Il faut utiliser le tsunami numérique pour doter le professionnel de santé d’outils de prévention utilisés quotidiennement dans le cabinet médical. Certes, les logiciels professionnels ont permis des progrès considérables en la matière. Toutefois, il faut bien reconnaître que la France a beaucoup de retard par rapport à d’autres pays européens. Le taux de vaccinations, en particulier antigrippal, dans les populations à risque est dramatiquement en baisse : pour l’hiver 2023, à moins de 50 %, alors que l’objectif est à 75 %. L’échec cuisant de la vaccination contre l’HPV chez les adolescents témoigne bien des difficultés à obtenir dans le pays une large adhésion de la population à ces grandes campagnes préventives. On peut mener la même analyse et le même constat pour le dépistage du cancer du côlon et même du cancer du sein. Les logiciels métier du médecin doivent augmenter leur performance sur le contenu préventif. Chaque Français devrait avoir un carnet de vaccination dématérialisé et chaque médecin devrait avoir pour ses patients un rappel automatique des dates vaccinales et des différents dépistages pour chacun de ses patients. Cela est loin d’être le cas pour tous les logiciels métiers, et cela est loin d’être simple et ludique.

 

Si le patient utilise des applications lui permettant de suivre des programmes de prévention personnalisée, il est indispensable que des comptes rendus succincts puissent être communiqués au médecin, éventuellement via son DMP. Le DMP pourrait devenir le réservoir des éléments axés sur la prévention : carnet vaccinal, programme de prévention personnalisée, alarmes pour les rappels et contrôles préventifs, suivi pondéral et alimentaire, etc. Chaque professionnel de santé pourrait rappeler la nécessité vaccinale à chaque rencontre du patient avec le système de soins : médecin, pharmacien, infirmière, etc., et deviendrait ainsi un véritable acteur de prévention.

 

Faire du numérique l’opportunité d’une grande politique de prévention dans le pays nécessitera, au préalable, une stratégie clairement affichée autour de la prévention, stratégie définie par l’État qui devra mobiliser l’ensemble des acteurs concernés. Il faudra y intégrer les patients, les professionnels de santé, les organismes payeurs, en particulier les organismes complémentaires, les industriels du numérique en santé, en particulier les éditeurs de logiciels, mais plus largement tous ceux qui interviennent dans l’éducation à la santé, tels que l’école, le monde du travail, etc.
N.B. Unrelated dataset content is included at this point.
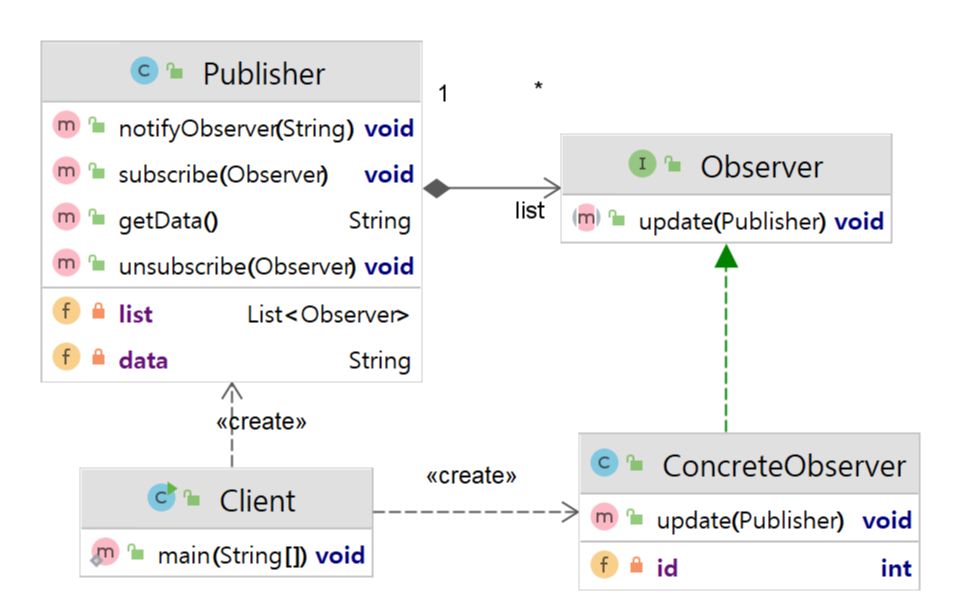 Publisher 클래스는 Observer 인터페이스를 구현하는 클래스들의 List를 가지며 subscribe(), unsubscribe()로 추가, 제거할 수있다. 값을 subscriber들에게 전달하고 싶다면 notifyObserver() 함수를 통해 List에 저장된 Observer 구현클래스들에게 일률적으로 update() 함수를 호출한다

Le choix courageux d’une grande politique préventive doit irriguer l’ensemble des secteurs dans le cadre d’une orientation « une seule santé » entraînant avec elle la santé animale et la santé environnementale. L’apport du numérique facilitera grandement cette démarche globalisée, qui aura un impact très favorable à moyen terme sur les comptes sociaux et ainsi permettra de garantir durablement l’équilibre de notre système de santé basé sur la solidarité et l’accès égalitaire pour tous.